Sind Sonnenschutzmittel mit Titandioxid-Nanopartikeln sicher?

  • Quelle:SCCS (2014)
  • Übersicht & Details: GreenFacts
Neuestes Update: 27 Juni 2014

Die zunehmende Verwendung von Nanomaterialien in einer großen Anzahl von Konsumgütern hat eine erneute Abschätzung der Sicherheit einer Reihe von Substanzen, einschließlich des Titandioxids (TiD2), nötig gemacht. Titandioxid, das in der Form von Nanopartikeln verwendet wird um Cremes und Lotionen transparent zu machen, wird derzeit als UV-Filter in Sonnenschutzmitteln zugelassen. Sind Sonnenschutzmittel mit Titandioxid-Nanopartikeln sicher? Verhalten sich diese Nanopartikel anders als andere Partikel des Titandioxids? Wie werden die Gefahren von Nanopartikeln abgeschätzt? In diesem Informationsblatt erfahren Sie alles darüber.

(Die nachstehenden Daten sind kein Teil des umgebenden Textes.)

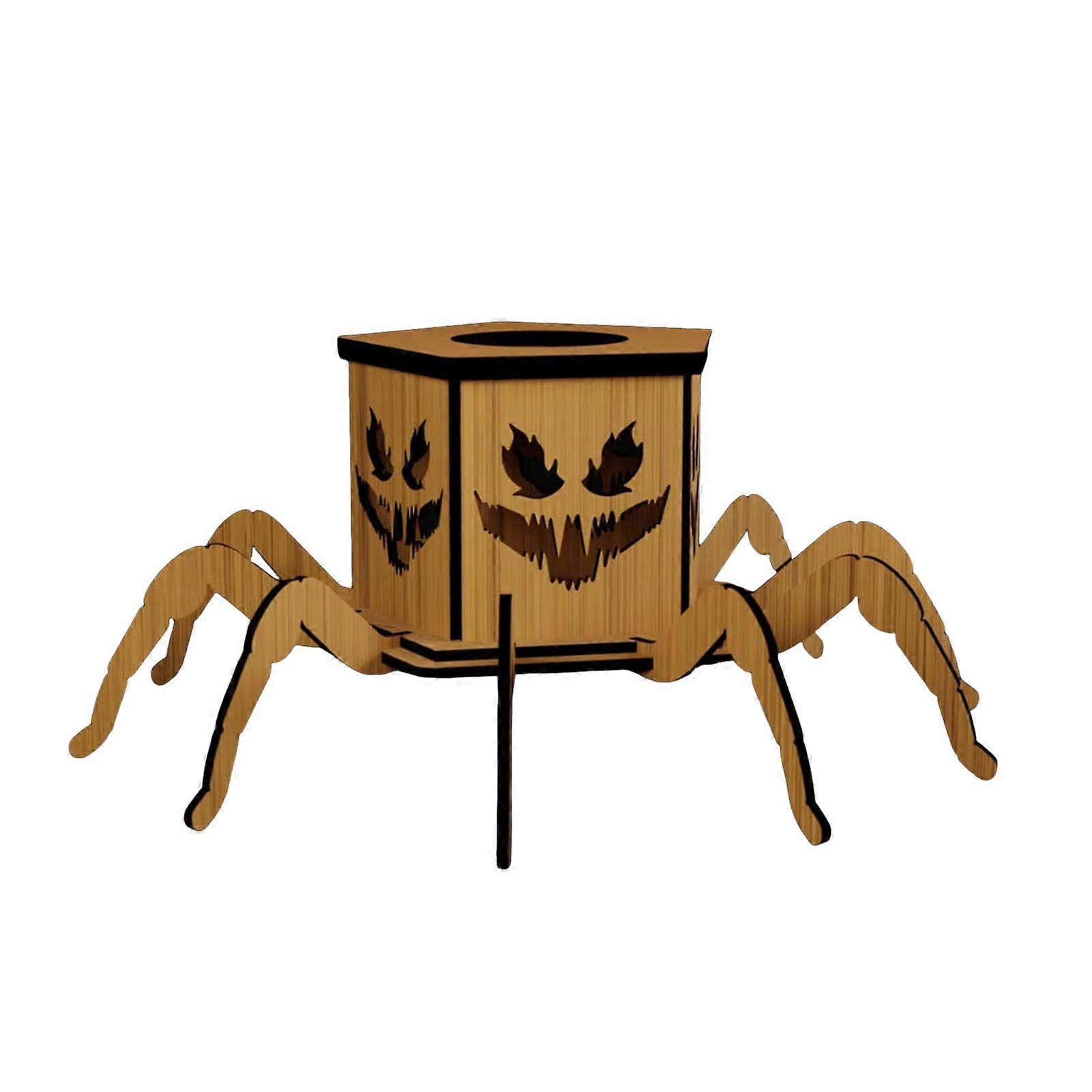 Jikaixiang Halloween Lighted Pumpkin Lantern LED Wooden Spider Pumpkin Lamp with Spooky Face for Halloween Party Home Yard Decor

Was sind „Nanopartikel“? Was sind Titandioxid-Nanopartikel?

Titandioxid wird als UV-Filter in Sonnenschutzmitteln eingesetzt, um die Haut unter der Einwirkung von Sonnenlicht vor schädlicher UV-Strahlung zu schützen. Partikel in Nanoform (auch „Nanopartikel“ oder „mikronisierte Materialien“ genannt) beziehen sich auf sehr kleine Materialien und Komponenten, deren Partikelgröße sich im Größenbereich 1 - 100 Nanometer bewegt (ein Nanometer ist ein Millionstel Millimeter, z. B. ist das menschliche Kopfhaar etwa 80.000 Nanometer dick). Jedoch können auch sehr kleine Partikel schädlich sein (s. u.).

Ist die Verwendung von Titandioxid-Nanopartikeln in Sonnenschutzmittel sicher?

Auf der Grundlage von vorhandenen wissenschaftlichen Beweisen, bestätigte der wissenschaftliche Ausschuss für Verbrauchersicherheit (SCCS), dass die bewerteten Titandioxid-Nanopartikel, falls sie in einer Konzentration von bis zu 25% als UV-Filter in Sonnenschutzmitteln verwendet werden, für Menschen nach Auftragen auf eine gesunde, intakte oder sonnenverbrannte Haut als sicher gelten können. Beim Kennzeichnen von kosmetischen Mitteln kann diese Konzentration auf der Verpackung zwar nicht angeben sein, aber Hersteller müssen diesen Grenzwert entsprechend europäischer Gesetzgebung (Anhang III der EU-Verordnung zur Kennzeichnung kosmetischer Mittel; Verordnung EG 1223/2009) dennoch respektieren. Öffentliche Behörden können jederzeit eine Überprüfung durchführen.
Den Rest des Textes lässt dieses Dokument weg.